Isn't dividing by 1/x the same as multiplying by x?

Dear Jones,

Here the numerator and the denominator had been divided by x,

$\displaystyle xln\bigg(1+sin\frac{3}{x}\bigg)=\frac{xln\bigg(1+s in\frac{3}{x}\bigg)}{1}=\frac{ln\bigg(1+sin\frac{3 }{x}\bigg)}{\frac{1}{x}}$

3. Originally Posted by Jones
Hi,

In my calculus book i have the following limit problem:

$\displaystyle \lim_{x\to \infty}~\bigg(1+sin\frac{3}{x}\bigg)^x$

The first part of the solution:

1.Take the log of both sides:

$\displaystyle ln~y = \lim_{x\to \infty}~x~ln\bigg(1+sin\frac{3}{x}\bigg)$

Here's the part i don't understand:

$\displaystyle \frac{ln\bigg(1+sin\frac{3}{x}\bigg)}{\frac{1}{x}}$

Isn't dividing by 1/x the same as multiplying by x?

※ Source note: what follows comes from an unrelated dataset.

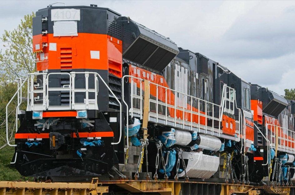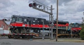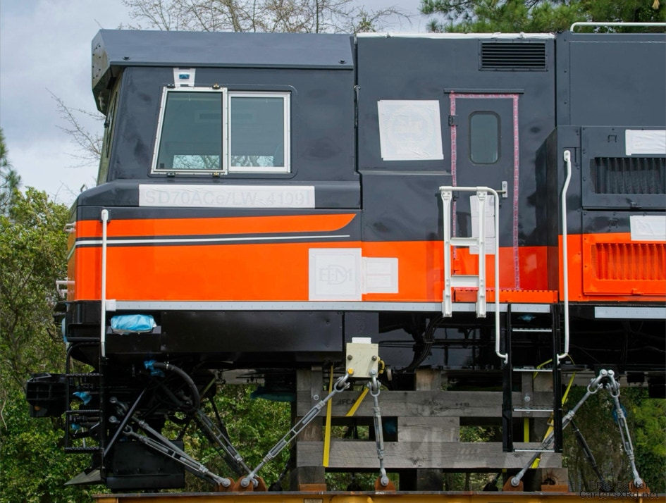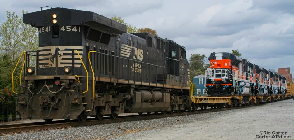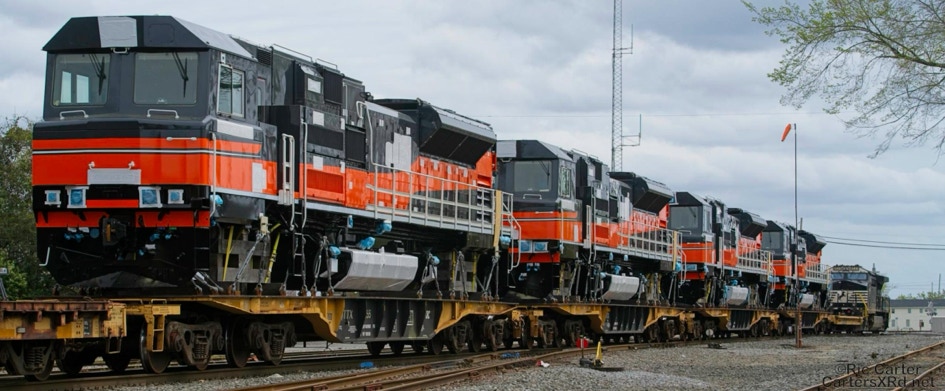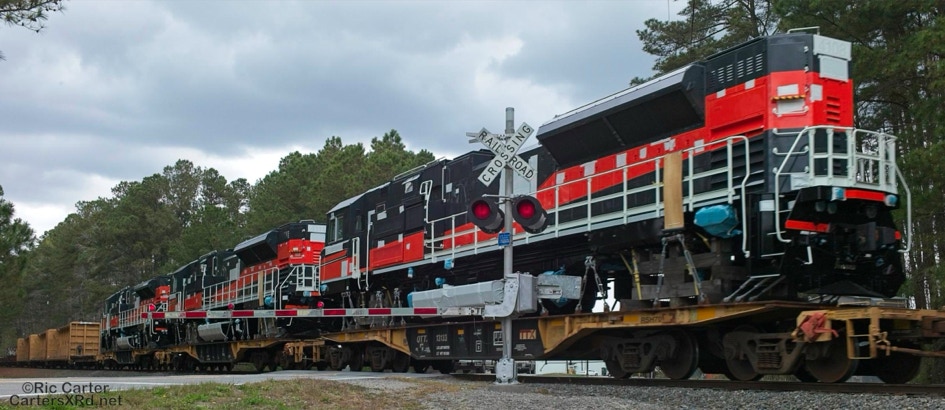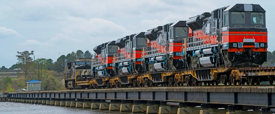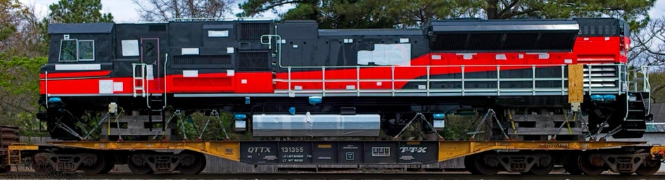 All EMD locomotive exports leave through the NC Port of Morehead City in March. These SD70ACe/LW units are headed for Mongolia. These phots were taken as they passed through New Bern NC.Four different units shipped just a couple of months ago to Chile. I find the differences in American and international cab design preferences interesting.

Yes, it is- that the reason you can do this. Now, if you let y= 1/x, that becomes
$\displaystyle \lim_{y\to 0} \frac{ln(1+ sin(3y))}{y}$
That will be of the form "0/0" and you can use L'Hopital's rule.

4. Let y = (x/3) / (3/4). Y can be re-written as (x/3) * (4/3). Whenever you've got a rational expression, you can always multiply the numerator by the reciprocal of the denominator.

(sqrt(x)/2) / 2 = (sqrt(x)/2) * (1/2)